▶ What the task requires: Could you repeat the entries below exactly, but only from the line with "Malatya Valisi Aydın" through the line with "Bunt w psychiatryku.", and without any picture?

▶ Given information:
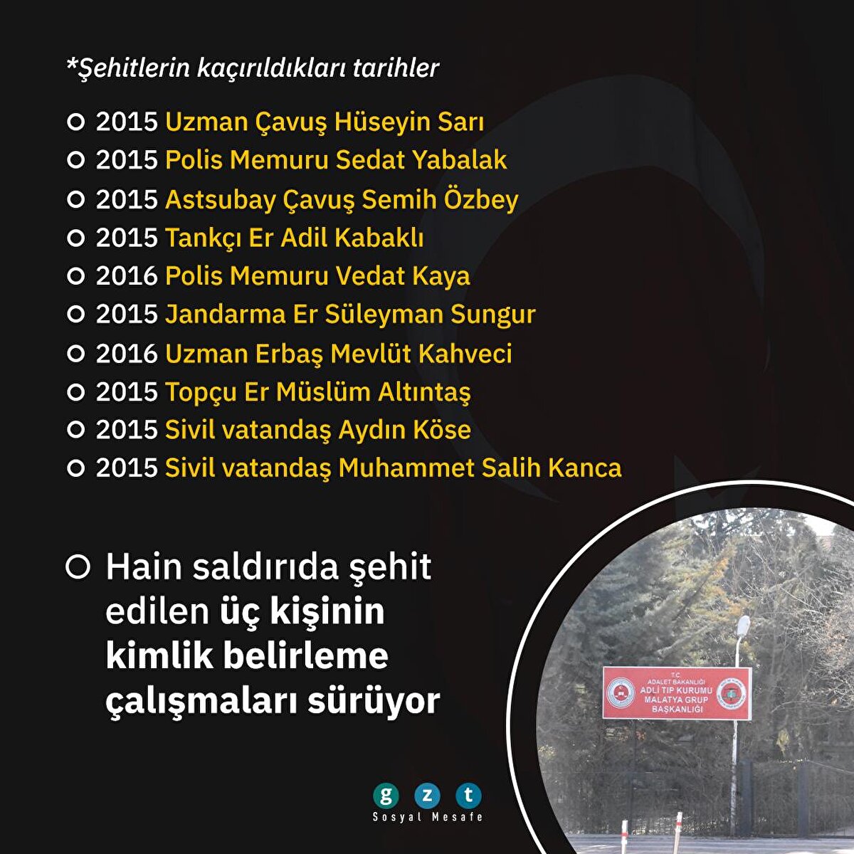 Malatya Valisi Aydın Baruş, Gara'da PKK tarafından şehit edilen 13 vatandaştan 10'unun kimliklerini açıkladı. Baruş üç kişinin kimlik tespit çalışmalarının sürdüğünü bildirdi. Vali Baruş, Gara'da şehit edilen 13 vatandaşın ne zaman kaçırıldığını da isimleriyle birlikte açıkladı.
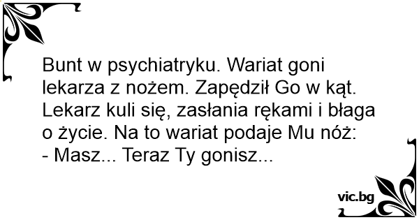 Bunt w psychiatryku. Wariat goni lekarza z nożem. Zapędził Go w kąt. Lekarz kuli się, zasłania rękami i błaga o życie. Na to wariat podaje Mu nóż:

---

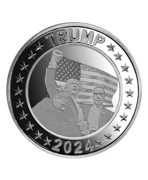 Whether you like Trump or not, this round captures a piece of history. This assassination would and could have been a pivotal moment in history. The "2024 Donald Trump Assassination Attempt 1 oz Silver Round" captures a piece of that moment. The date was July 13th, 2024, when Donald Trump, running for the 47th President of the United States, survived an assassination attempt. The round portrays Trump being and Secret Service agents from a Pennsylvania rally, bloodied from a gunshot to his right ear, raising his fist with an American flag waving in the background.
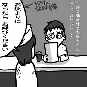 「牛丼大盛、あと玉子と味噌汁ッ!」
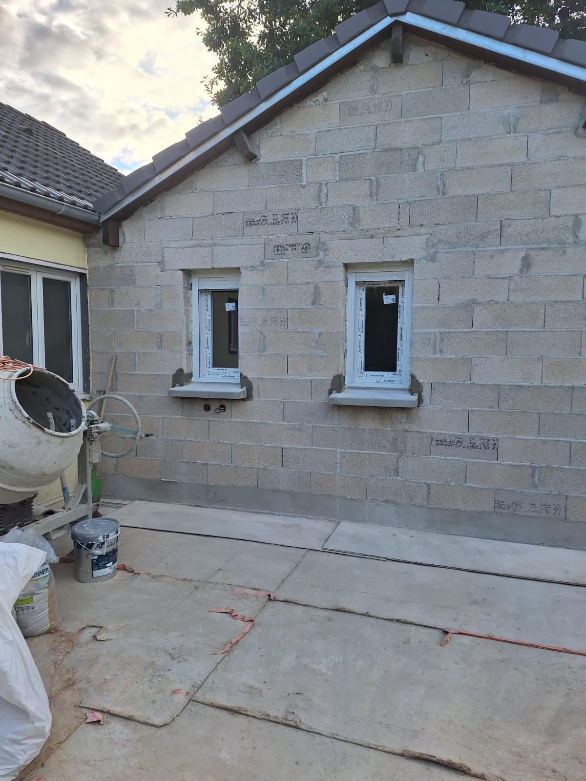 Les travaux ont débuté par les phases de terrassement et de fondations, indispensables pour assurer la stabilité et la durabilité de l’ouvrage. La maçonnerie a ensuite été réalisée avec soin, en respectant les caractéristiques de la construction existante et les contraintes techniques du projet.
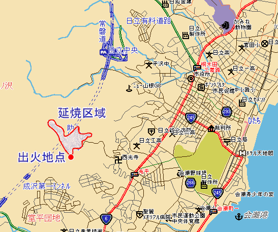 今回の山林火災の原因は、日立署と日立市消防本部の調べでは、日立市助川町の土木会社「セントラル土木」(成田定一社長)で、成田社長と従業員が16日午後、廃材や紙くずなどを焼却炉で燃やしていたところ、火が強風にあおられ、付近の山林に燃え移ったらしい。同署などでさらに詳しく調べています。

▶ Answer to this problem:
 Malatya Valisi Aydın Baruş, Gara'da PKK tarafından şehit edilen 13 vatandaştan 10'unun kimliklerini açıkladı. Baruş üç kişinin kimlik tespit çalışmalarının sürdüğünü bildirdi. Vali Baruş, Gara'da şehit edilen 13 vatandaşın ne zaman kaçırıldığını da isimleriyle birlikte açıkladı.
 Bunt w psychiatryku. Wariat goni lekarza z nożem. Zapędził Go w kąt. Lekarz kuli się, zasłania rękami i błaga o życie. Na to wariat podaje Mu nóż:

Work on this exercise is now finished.